How Translation Agencies Can Prepare for ISO 17100 Certification

translation agency team preparing documentation for ISO 17100 certification process

So you're thinking about getting ISO 17100 certified. Maybe a big client asked if you have it. Maybe you're tired of losing bids to agencies that DO have it. Or maybe you just want to prove that your translation shop isn't running on chaos and hope.

Whatever your reason, let me tell you something nobody else will: ISO 17100 certification is both easier and harder than you think.

Easier because most of what it requires, you're probably already doing (just not documenting).

Harder because... well, you're probably not documenting it. And documentation is basically 70% of the certification process.

Let me walk you through how to actually prepare for this without losing your mind or spending six months creating binders nobody will ever read.

What ISO 17100 Actually is

ISO 17100 is the international quality standard specifically for translation services. It replaced the old EN 15038 back in 2015, and it's basically a set of requirements that prove your agency has its act together.

Think of it as a checklist that says: "Yes, we have real processes. No, we're not just winging it."

The standard covers:

  • How do you manage translation projects
  • Qualifications your translators must have
  • Quality assurance processes
  • Resources and equipment
  • Client relationship management
  • Post-delivery support

Here's what it does NOT cover: The actual translation quality. Weird, right? ISO 17100 doesn't tell you HOW to translate. It tells you how to RUN a translation business properly.

Why you should actually care about this

Let's be real. Certifications can feel like expensive pieces of paper. But ISO 17100 is different for translation agencies.

The business impact:

I know an LSP owner who got certified in 2023. Within six months, she landed two government contracts she wouldn't have even been eligible for before. Combined value? Over $200K annually.

Another agency reported that its close rate on enterprise RFPs went from 15% to 40% after certification. Turns out, when you're competing against 20 other agencies, ISO 17100 is a quick filter that puts you in the "serious business" pile.

Beyond the money:

Honestly, the preparation process forces you to document and optimize processes you've been meaning to fix for years. It's like Marie Kondo for your translation workflows.

One PM told me, "Getting certified was annoying, but it revealed that we had three different people quoting projects using completely different methods. No wonder our pricing was all over the place."

The Real Requirements (What You Actually Need)
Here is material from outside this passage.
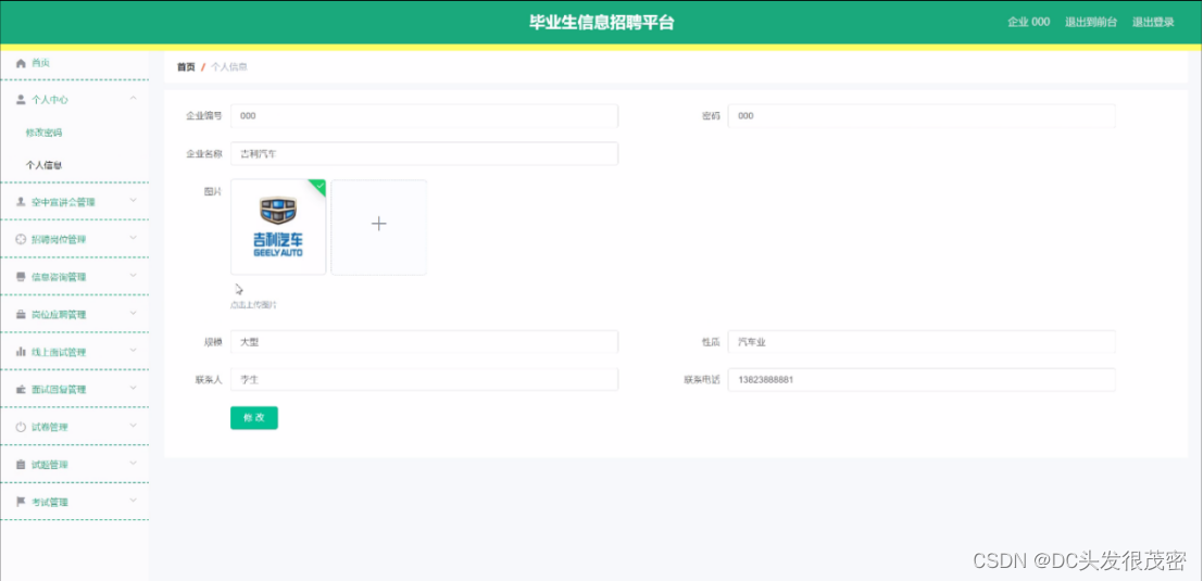 个人信息,在个人信息页面通过填写企业编号、密码、企业名称、图片、规模、性质、联系人、联系电话等内容并可根据需要对个人信息进行查看、修改

Let me break down what ISO 17100 actually requires, minus the bureaucratic language:

1. Translator Qualifications

Your translators must have ONE of these:

  • Translation degree/diploma
  • Degree in another field + 2 years of translation experience
  • 5 years of professional translation experience

The catch: You need PROOF. That means diplomas, CVs, reference letters, and portfolio samples. If you've been working with translators for years but never collected their credentials... yeah, you need to do that now.

Pro tip: Create a standardized onboarding form that collects all this upfront. Future, you will thank the present you.

2. The Translation-Revision-Review Process

This is the big one. ISO 17100 requires:

  • Translation by a qualified translator
  • Revision by someone other than the translator (checking translation against source)
  • Review (optional, but checking fitness for purpose)
  • Proofreading (final check before delivery)

Notice the keyword: "someone other than the translator." That means you can't have translators self-revise and call it done.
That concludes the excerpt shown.